Meta faces a U.S. copyright infringement lawsuit from authors including Michael Chabon, Ta-Nehisi Coates, and Sarah Silverman. Court documents from January allege CEO Mark Zuckerberg approved using the LibGen dataset, despite knowing it contained pirated material [1]. Meta has declined to comment on the case.
The legal disputes focus on a key question: does large-scale data scraping for AI training qualify as "fair use"?
Legal Battles
The legal stakes are high as AI companies train models on publicly available data, using it to generate chatbot responses that may compete with original content creators. AI firms justify data scraping under the "fair use" doctrine, which allows unlicensed use of copyrighted material for research, teaching, and commentary. However, concerns arise when AI-generated outputs closely mimic an author's style or reproduce substantial portions of copyrighted works.
A pivotal case in this debate is The New York Times vs. OpenAI and Microsoft, which alleges unauthorized use of millions of articles for AI training. While the lawsuit has been narrowed to core copyright and trademark claims, a recent court ruling allowing it to proceed is seen as a victory for The New York Times.
Beyond news publishers like News Corp, individual creators are also challenging AI companies. In 2023, authors including Jonathan Franzen, John Grisham, and George R.R. Martin filed a class-action lawsuit against OpenAI, alleging unauthorized copying of their works—a case that remains unresolved.
Broader Impact
Ongoing legal battles will shape the future of publishing, media, and AI industries. The issue is pressing, as authors already face financial struggles—earning a median income of just over $20,000 in the U.S. and even less in Australia.
In response, the Australian Society of Authors (ASA) is advocating for AI regulation, urging companies to obtain permission before using copyrighted works and to fairly compensate writers. The ASA also calls for transparency in AI training data and clear labeling of AI-generated content.

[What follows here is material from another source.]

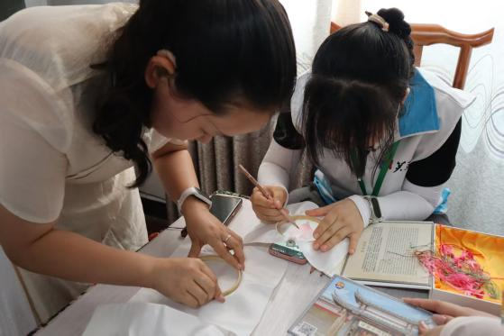 在覃曼丽的工作室内,实践团成员系统学习了湘绣基础技法。覃曼丽提前备齐绣布、丝线等材料,从掺针、套针等经典针法切入,示范劈线要领,并手把手纠正学员运针角度与力度。团队成员在描摹图案轮廓时,覃曼丽强调“线条需流畅如行云”,并穿插讲解“一长一短”的运针规律。过程中,她展示了一根丝线拆解为百根细线的绝技,其精细程度令学员惊叹。

A key question remains: if AI training on copyrighted material is allowed, what compensation is fair? In 2024, HarperCollins struck a deal allowing AI training on select nonfiction books, offering authors a $2,500 opt-in payment split 50/50 with publishers. However, the Authors Guild argues that writers should receive 75% of the compensation instead.
Possible Responses
Publishers and creators worry about losing control over intellectual property, as AI systems rarely cite sources, reducing the value of attribution. If AI-generated content can replace published works, demand for original material may decline.
With AI-generated content flooding platforms like Amazon, distinguishing and protecting authentic works is becoming increasingly difficult. Lawmakers worldwide are exploring copyright updates to balance innovation with intellectual property rights, but their approaches vary.
The European Union’s 2024 Artificial Intelligence Act introduces copyright provisions to help rights holders identify infringements, though they remain relatively weak. Meanwhile, US Vice President JD Vance opposes AI regulation, calling it "authoritarian censorship" that stifles innovation.
US tech giants like OpenAI and Google advocate for broad AI training rights under the "fair use" doctrine, arguing that unrestricted access to copyrighted material supports learning and progress. However, this stance raises major concerns for content creators.
Agreement or Dispute?
Efforts are underway worldwide to establish models that ensure fair compensation for creators and publishers while allowing AI companies to access data for training. Since mid-2023, several academic publishers, including Informa, Wiley, and Oxford University Press, have signed licensing agreements with AI firms. Similarly, some publishers, like Black Inc. in Australia, have introduced opt-in agreements for authors to permit AI training on their work.
New licensing platforms, such as Created by Humans, are emerging to facilitate legal AI training while distinguishing human-written content from AI-generated material [2]. Meanwhile, the Australian government has yet to introduce specific AI regulations but has implemented voluntary AI Ethics Principles emphasizing transparency, accountability, and fairness.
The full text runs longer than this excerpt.